Reproducing the benchmark

The harness lives at:

backend/onyx/server/features/build/sandbox/kubernetes/scripts/bench-sandbox-spinup.sh

It accepts one or more locally-built sandbox image tags and, per image, runs REPS cold + REPS warm iterations against a kind cluster. Cold removes the image from the kind node's containerd, then kind loads it back and times pod-create→Ready. Warm skips the rmi/load and only times pod-create→Ready. Image sizes are read from docker image inspect.

Prereqs

  • Local kind cluster on the kind-onyx-dev context (see docs/dev/local-kubernetes.md).
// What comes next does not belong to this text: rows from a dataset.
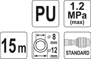 YATO Шланг пневматичний спіральний швидкоз'єднуваний: Ø= 8/12 мм, ≤12 Bar, l= 15 м. поліуретан.
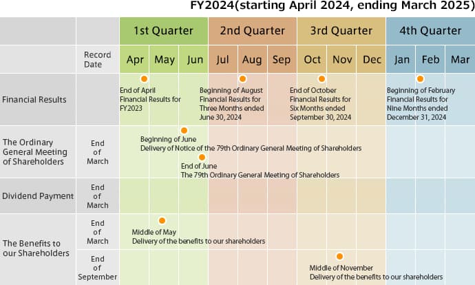 | The Ordinary General Meeting of Shareholders | End of March | Beginning of June Delivery of Notice of the 79th Ordinary General Meeting of Shareholders End of June The 79th Ordinary General Meeting of Shareholders |
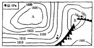 5、单选题 图中a为等温线,b为锋线且向偏北方向移动,虚线范围内为雨区。读图回答下列小题。
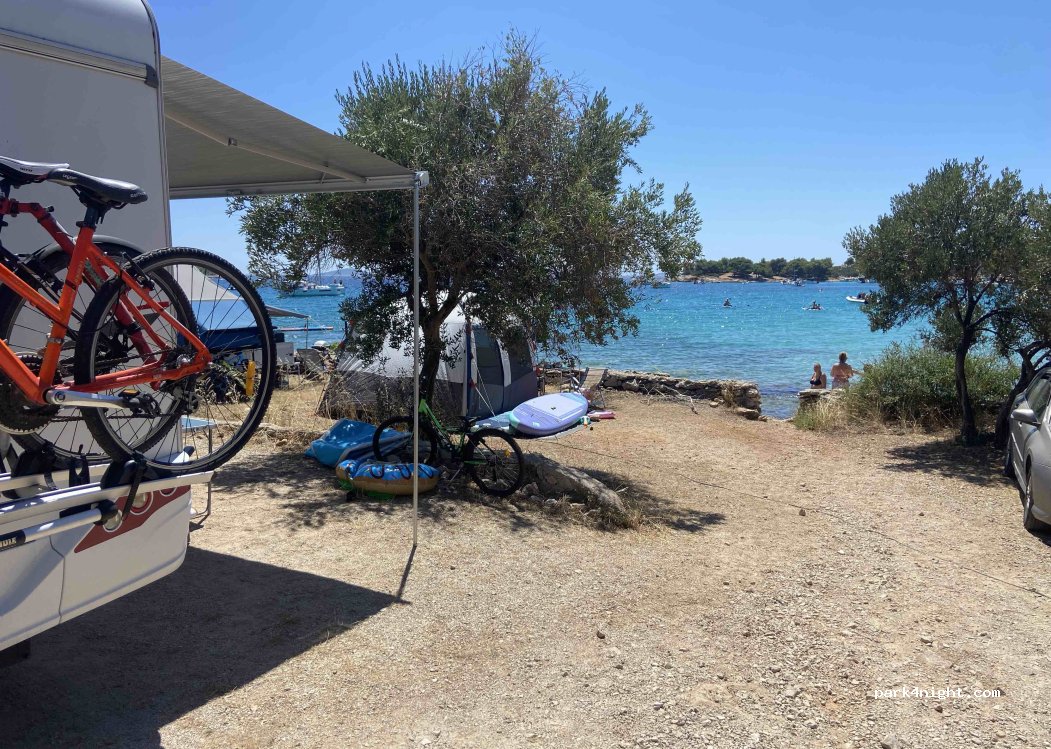 Nádherný kemp s panoramatickým stáním. Klidný, tichý, čisté moře a cena pro 2 dospělé, 2 děti a přípojku ve třetí řadě u moře (takže téměř u moře) 175kn za noc. Zaskočilo nás jen, že je to nuda kemp, ale plavky si klidně můžete nechat. Zátoka je opravdu nádherná.
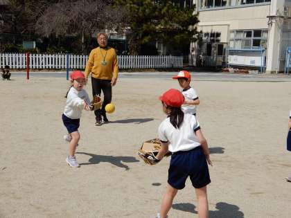 縄跳びや総合遊具、大谷選手からのグローブを使ってのキャッチボールなど、1年生の体育はグループごとに選んで取り組んでいました。
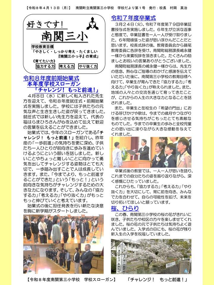 NO.1 260413 学校だより R8「好きです! 南関三小」1号(南関第三小学校)(送付用・HP用).pdf

The script refuses to run against any other kubectl context as a safety guard.
  • Tools on $PATH: docker, kind, kubectl, python3.

Typical workflow

bash
# 1. Build current dev image + a candidate you want to compare
make craft-sandbox-image            # → onyxdotapp/sandbox:dev
docker build --build-arg ENABLE_SKILLS=false \
    -t onyxdotapp/sandbox:candidate \
    backend/onyx/server/features/build/sandbox/image

# 2. Benchmark both (3 reps each scenario by default)
REPS=3 backend/onyx/server/features/build/sandbox/kubernetes/scripts/bench-sandbox-spinup.sh \
    onyxdotapp/sandbox:dev \
    onyxdotapp/sandbox:candidate

Output is a per-image table of image size + min/median/max latency for each scenario, ready to paste into a PR description.

Knobs (env vars)

VarDefaultNotes
REPS3Iterations per scenario per image.
NSonyx-sandboxesNamespace bench pods live in (auto-created).
KIND_CLUSTERonyx-devUsed for kind load --name + context check.
KIND_NODE<cluster>-control-planeNode where crictl rmi runs.
WAIT_TIMEOUT300skubectl wait timeout per pod.

When to run

Any time you change the Dockerfile, initial-requirements.txt, or anything else that affects the image bytes or container start. Paste the resulting table into the PR description so reviewers can see the delta without rebuilding locally.

What it doesn't measure

The bench creates a bare pod running sleep — it does not exercise the full KubernetesSandboxManager.provision + setup_session_workspace path (no sidecar S3 sync, no init container, no bun install, no session config). For end-to-end session-spinup numbers, run a real session against a live cluster and time provision()setup_session_workspace() via the manager directly.

Also: kind load is much slower than a real registry pull (it does docker save → tar → crictl load). The delta between two images is meaningful, but the absolute "cold" number is mostly kind-load overhead, not realistic prod cold-pull time. See the caveats under "Recorded benchmark" above.

Snapshot daemon path quick reference

sandbox_daemon/snapshot.py runs inside the sandbox container (not the file-sync sidecar). The sidecar is responsible for syncing the user's knowledge files from S3 (/workspace/files/); the daemon is responsible for session-level snapshots (/workspace/sessions/<session_id>/{outputs,attachments,.opencode-data}). Both shell out to s5cmd. Don't conflate them.

node_modules and .next are deliberately excluded from snapshots because (a) they're huge, (b) restore_snapshot rebuilds them via the hardlink-backed bun install against the pre-warmed Bun cache (see docs/craft/features/bun-node-modules-dedup.md).